Back then you had the option of writing your own neural networks from scratch or ordering source code from someone else, which you’d receive on a floppy diskette in the mail. I even ordered a floppy from The Amateur Scientist column of that Scientific American issue. You could also buy a neural network library that would do all the low-level, complex math for you. There was also a free simulator called Xerion from the University of Toronto.
Keeping an eye on the bookstore Science sections did turn up the occasional book on the subject. The classic was the two-volume Explorations in Parallel Distributed Processing, by Rumelhart, McClelland et al. A favorite of mine was Neural Computation and Self-Organizing Maps: An Introduction, useful if you were interested in neural networks controlling a robot arm.
There were also short courses and conferences you could attend. The conference I attended in 1994 was a free two-day one put on by Geoffrey Hinton, then of the University of Toronto, both then and now a leader in the field. The best reputed annual conference at the time was the Neural Information Processing System conference, still going strong today.
And lastly, I recall combing the libraries for published papers. My stack of conference papers and course handouts, photocopied articles, and handwritten notes from that period is around 3″ thick.
Then things went relatively quiet. While neural networks had found use in a few applications, they hadn’t lived up to their hype and from the perspective of the world, outside of a limited research community, they ceased to matter. Things remained quiet as gradual improvements were made, along with a few breakthroughs, and then finally around 2006 they exploded on the world again.
The Present Arrives
We’re focusing on tools here but briefly, those breakthroughs were mainly:
- new techniques for training networks that go more than three or four layers deep, now called deep neural networks
- the use of GPUs (Graphics Processing Units) to speed up training
- the availability of training data containing large numbers of samples
Neural Network Frameworks
There are now numerous neural network libraries, usually called frameworks, available for download for free with various licenses, many of them open source frameworks. Most of the more popular ones allow you to run your neural networks on GPUs, and are flexible enough to support most types of networks.

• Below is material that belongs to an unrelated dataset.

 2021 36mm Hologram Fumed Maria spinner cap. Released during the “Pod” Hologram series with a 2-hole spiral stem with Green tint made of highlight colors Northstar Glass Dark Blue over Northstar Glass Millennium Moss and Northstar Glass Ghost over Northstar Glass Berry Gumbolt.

Here are most of the more popular ones. They all have GPU support except for FNN.
Languages: Python, C++ is in the works
TensorFlow is Google’s latest neural network framework. It’s designed for distributing networks across multiple machines and GPUs. It can be considered a low-level one, offering great flexibility but also a larger learning curve than high-level ones like Keras and TFLearn, both talked about below. However, they are working on producing a version of Keras integrated in TensorFlow.

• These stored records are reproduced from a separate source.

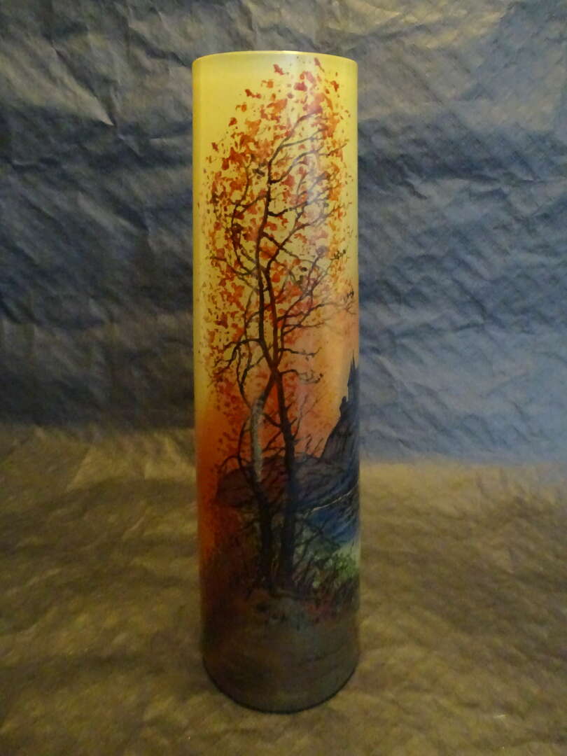 Prachtige Art Nouveau vaas met geêmailleerde decoratie van een merenlandschap in de schemering - Gesigneerd , Frankrijk ca 1900, handbeschilderd geblazen glas. Hoge vaas met een uitvergrote voet met een oranjegele bewolkte achtergrond met een prachtig merenlandschap in de schemering met vele sublieme tinten, met de hand beschilderd met een kasteel torenhoog op de top van een heuvel met enkele vliegende vogels en bomen met herfstkleuren. Zeldzame hoogte 350 mm. Gesigneerd met " Leg" in het decor. Authentiek verklaard in de beroemde catalogus Répertoire Raisonné Legras , "Verrerie artistique et populaire française". In goede staat ,mooie email en zeer heldere kleuren, lichte ouderdomssporen aan de buitenkant van de hals. Gew. : 1,020 kg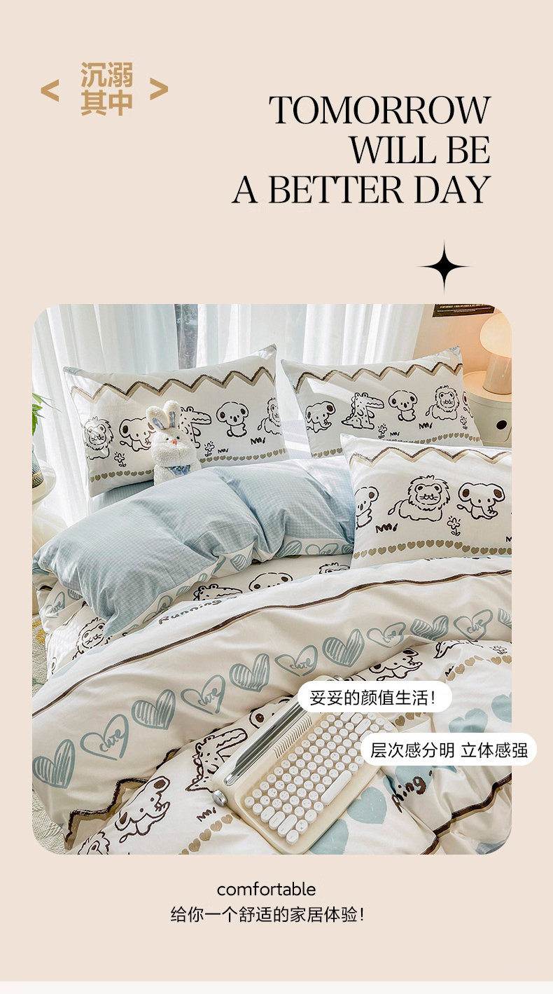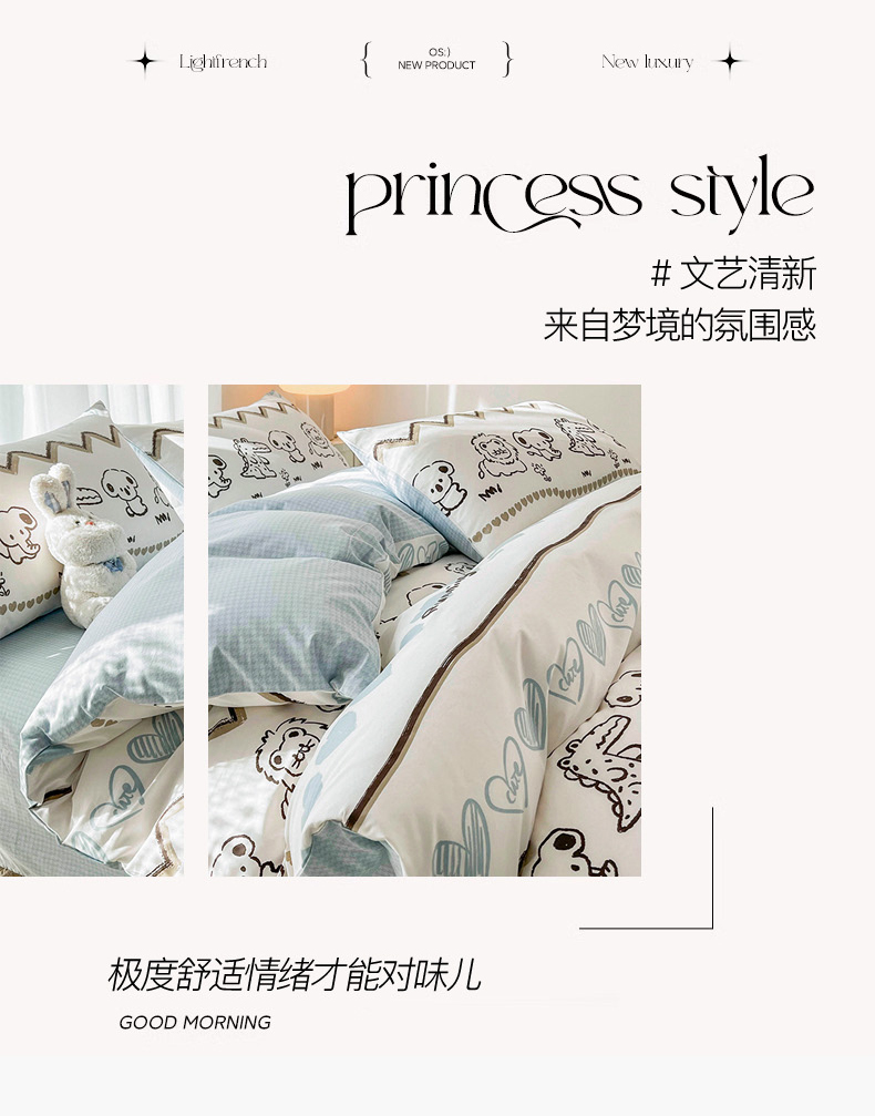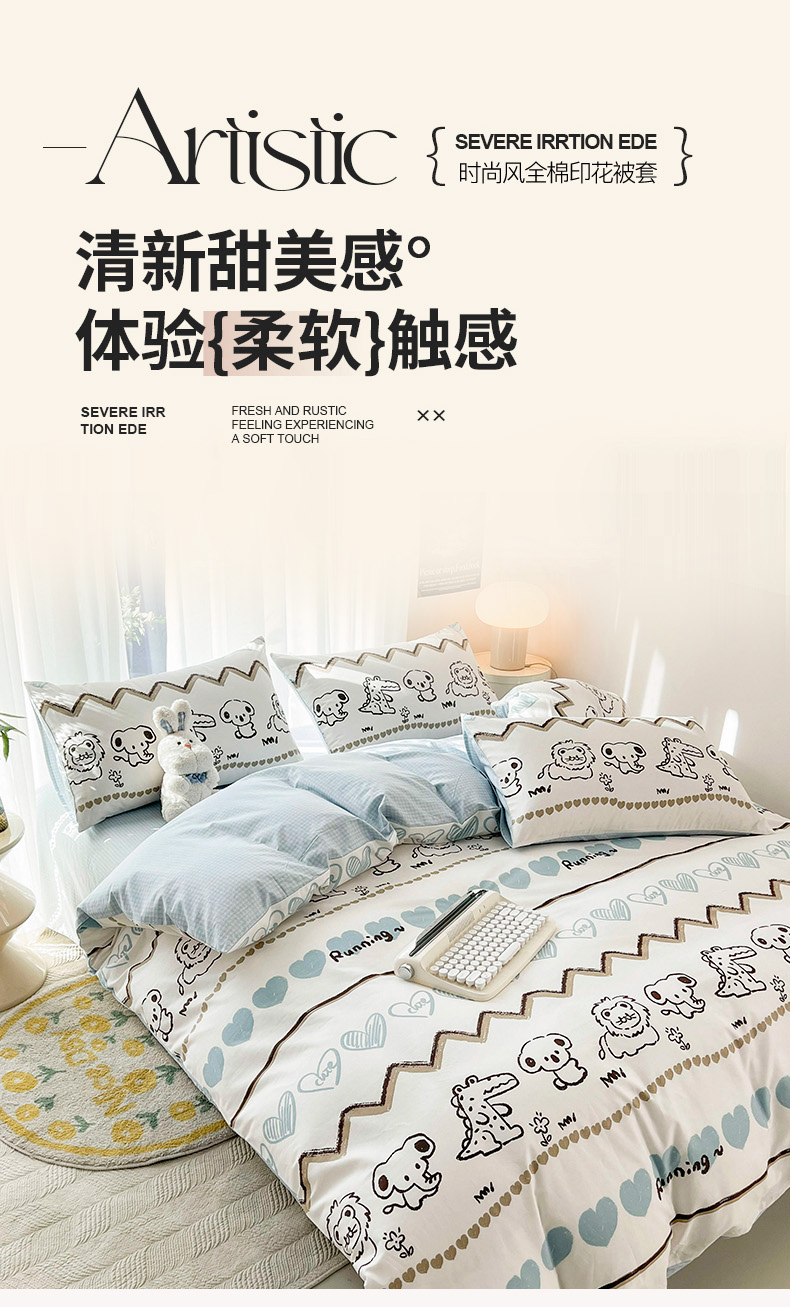 (总)倾慕 2025新款6D立体雪花绒系列四件套,北欧小熊,波波兔,波点头像,格格狗,欢乐小虎,活泼小兔,咖啡熊兔,礼物小狗,萌宠小兔,奶茶小龙灰,奶茶小龙蓝,奶茶小熊,汽车小熊,森林公园,时光小狗,时尚猫咪,小皮皮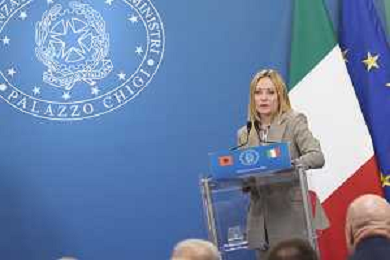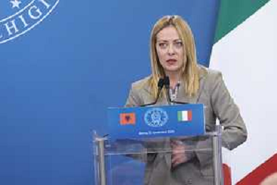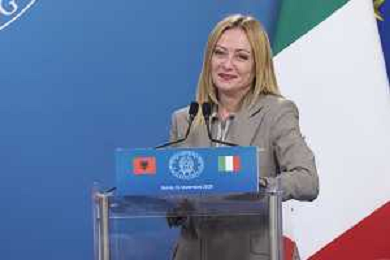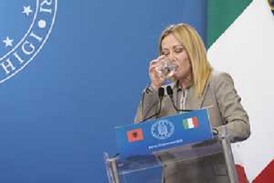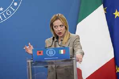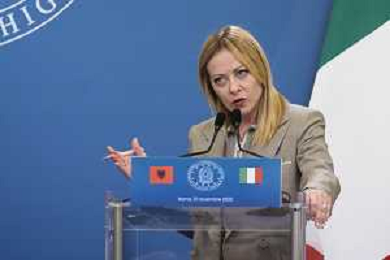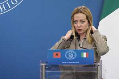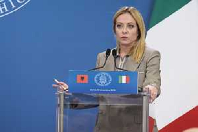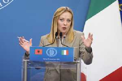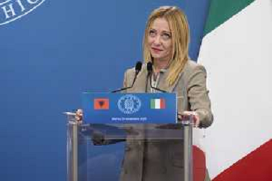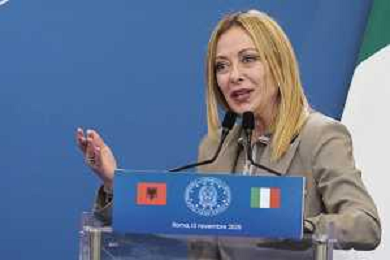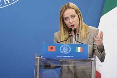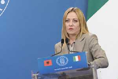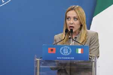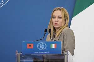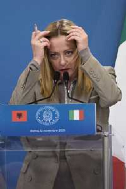 Roma 13 Novembre 2025 Conferenza stampa del Presidente del Consiglio Giorgia Meloni e del Primo Ministro Albanese Edi Rama a seguito del Primo Vertice Intergovernativo tra Italia ed Albania. Nella Foto: Giorgia Meloni, Foto Credit: Andrea Bracaglia- AGENZIA ALDO LIVERANI SAS

This is an open source library for doing efficient numerical computations involving multi-dimensional arrays. It’s from the University of Montreal, and runs on Windows, Linux and OS-X. Theano has been around for a long time, 0.1 having been released in 2009.
Languages: Command line, Python, and MATLAB
Caffe is developed by Berkeley AI Research and community contributors. Models can be defined in a plain text file and then processed using a command line tool. There are also Python and MATLAB interfaces. For example, you can define your model in a plain text file, give details on how to train it in a second plain text file called a solver, and then pass these to the caffe command line tool which will then train a neural network. You can then load this trained net using a Python program and use it to do something, image classification for example.
Languages: Python, C++, C#
This is the Microsoft Cognitive Toolkit (CNTK) and runs on Windows and Linux. They’re currently working on a version to be used with Keras.
Written in Python, Keras uses either TensorFlow or Theano underneath, making it easier to use those frameworks. There are also plans to support CNTK as well. Work is underway to integrate Keras into TensorFlow resulting in a separate TensorFlow-only version of Keras.
Like Keras, this is a high-level library built on top of TensorFlow.
Languages: Supports over 15 languages, no GPU support
This is a high-level open source library written in C. It’s limited to fully connected and sparsely connected neural networks. However, it’s been popular over the years, and has even been included in Linux distributions. It’s recently shown up here on Hackaday in a robot that learned to walk using reinforcement learning, a machine learning technique that often makes use of neural networks.
Open source library written in C. Interestingly, they say on the front page of their website that Torch is embeddable, with ports to iOS, Andoid and FPGA backends.
PyTorch is relatively new, their website says it’s in early-release beta, but there seems to be a lot interest in it. It runs on Linux and OS-X and uses Torch underneath.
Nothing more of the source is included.